12. Go back to the first form's code window.
13. Select DataGridView1 from the drop-down list at the top-left and CellDoubleClick from the top-right.  That will create an empty handler for the grid's CellDoubleClick event.
14. Add the following code to the empty event handler:
VB.NET Code:
Dim row As DataRow = DirectCast(Me.BindingSource1.Current, DataRowView).Row
 Using dialogue As New Form2(row)
    dialogue.ShowDialog()
End Using
Now run the project and double-click any cell in the grid and observe the data for that record displayed in a dialogue.  Note that you can click the column headers to sort the data and double-clicking will still always display the correct data.  That's one of the advantages of using a BindingSource.

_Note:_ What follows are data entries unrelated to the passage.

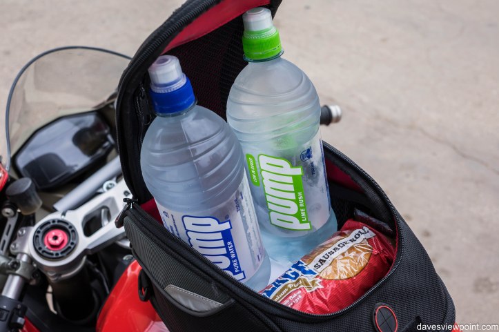 10/01/201610/01/2016davesviewpoint DSC07980 Brekkie for the day: A sausage roll and two bottles of water, one for the road.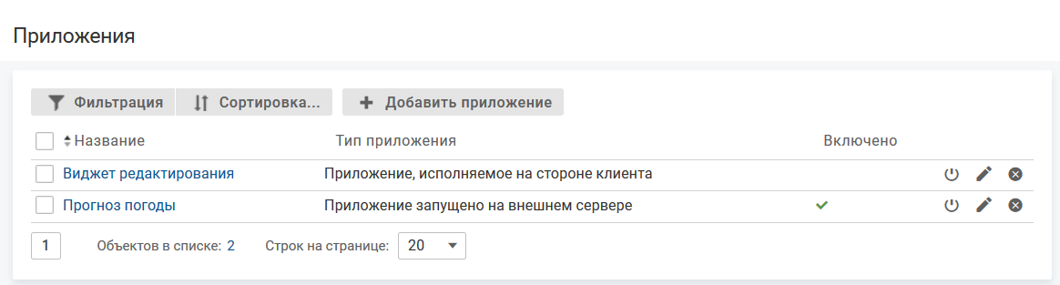- Параметры: название (является ссылкой на карточку приложения), тип приложения и текущее состояние: включено или нет (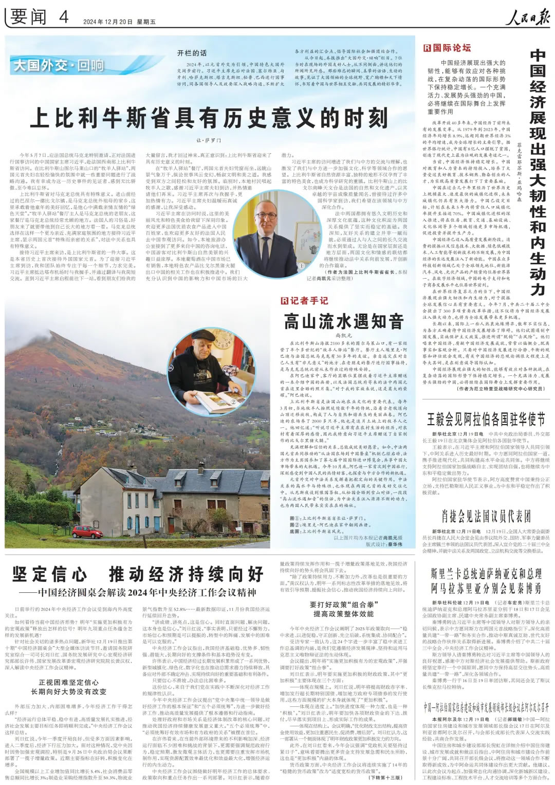 今年5月7日,應(yīng)法國(guó)總統(tǒng)馬克龍?zhí)貏e邀請(qǐng),正對(duì)法國(guó)進(jìn)行國(guó)事訪問的中國(guó)國(guó)家主席習(xí)近平,赴法國(guó)西南部上比利牛斯省訪問。在比利牛斯山圖爾馬萊山口的“牧羊人驛站”,兩國(guó)元首夫婦在輕松愉快的氛圍中就一些重要問題進(jìn)行了戰(zhàn)略溝通。我有幸成為這一歷史事件的見證者,感到無比驕傲,至今難以忘懷。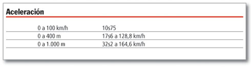 Partiendo desde 0 necesitó 10s75 para alcanzar 100 km/h, cubrió los 1.000 m en 32s2 donde pasa a casi 165 km/h.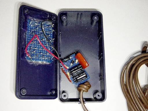 I don't remember the brand name, but these night lights use a circuit that is self current-limiting. Thus, it can power a string of any number of LED's from 1 to 40! (The night lights use ONE LED. I modified several of them to use TWO, and one unit in the hallway now uses FOUR!) This circuit is quite ingenious, in that it uses a .68 capacitor as a voltage dropping element. This also serves to limit the current to about 12ma into one LED, and 8ma into this string of 36. Why 36? Because it comes out to 104v, and it's an even number. :) Plus, I had already assembled this array, and didn't want to modify it further.

15. Go back to the design window for Form2.
16. Add a Button, set its Name property to "okButton", its Text property to "OK" and its DialogResult property to OK.
17. Add a Button, set its Name property to "cancelOperationButton" and its Text property to "Cancel".
18. Select the okButton for the form's AcceptButton property.
19. Select the cancelOperationButton for the form's CancelButton property.
20. Double-click the okButton to create an empty Click event handler.
21. Add the following code to the empty event handler:
VB.NET Code:
Me.data("Name") = Me.nameText.Text
That's it.  You've finished the whole thing.  Now you can run the project and double click a record to open it for editing in the dialogue.  You can change the value of the Name property and press the OK button and observe the grid update automatically.  Note also that if you edit the name field in the dialogue and press Cancel no changes are made to the grid.  Finally, note that you can also add new rows and then edit them the same way.

----------


## shyguyjeff

> Using dialogue As New Form2(row)
>     dialogue.ShowDialog()
> End Using


Hi jmcilhinney I tred your program but i got an error. On my quoted phrase above. How can i translate it to vb.net 1.0 platform?It returns error to me.

----------


## jmcilhinney

> Hi jmcilhinney I tred your program but i got an error. On my quoted phrase above. How can i translate it to vb.net 1.0 platform?It returns error to me.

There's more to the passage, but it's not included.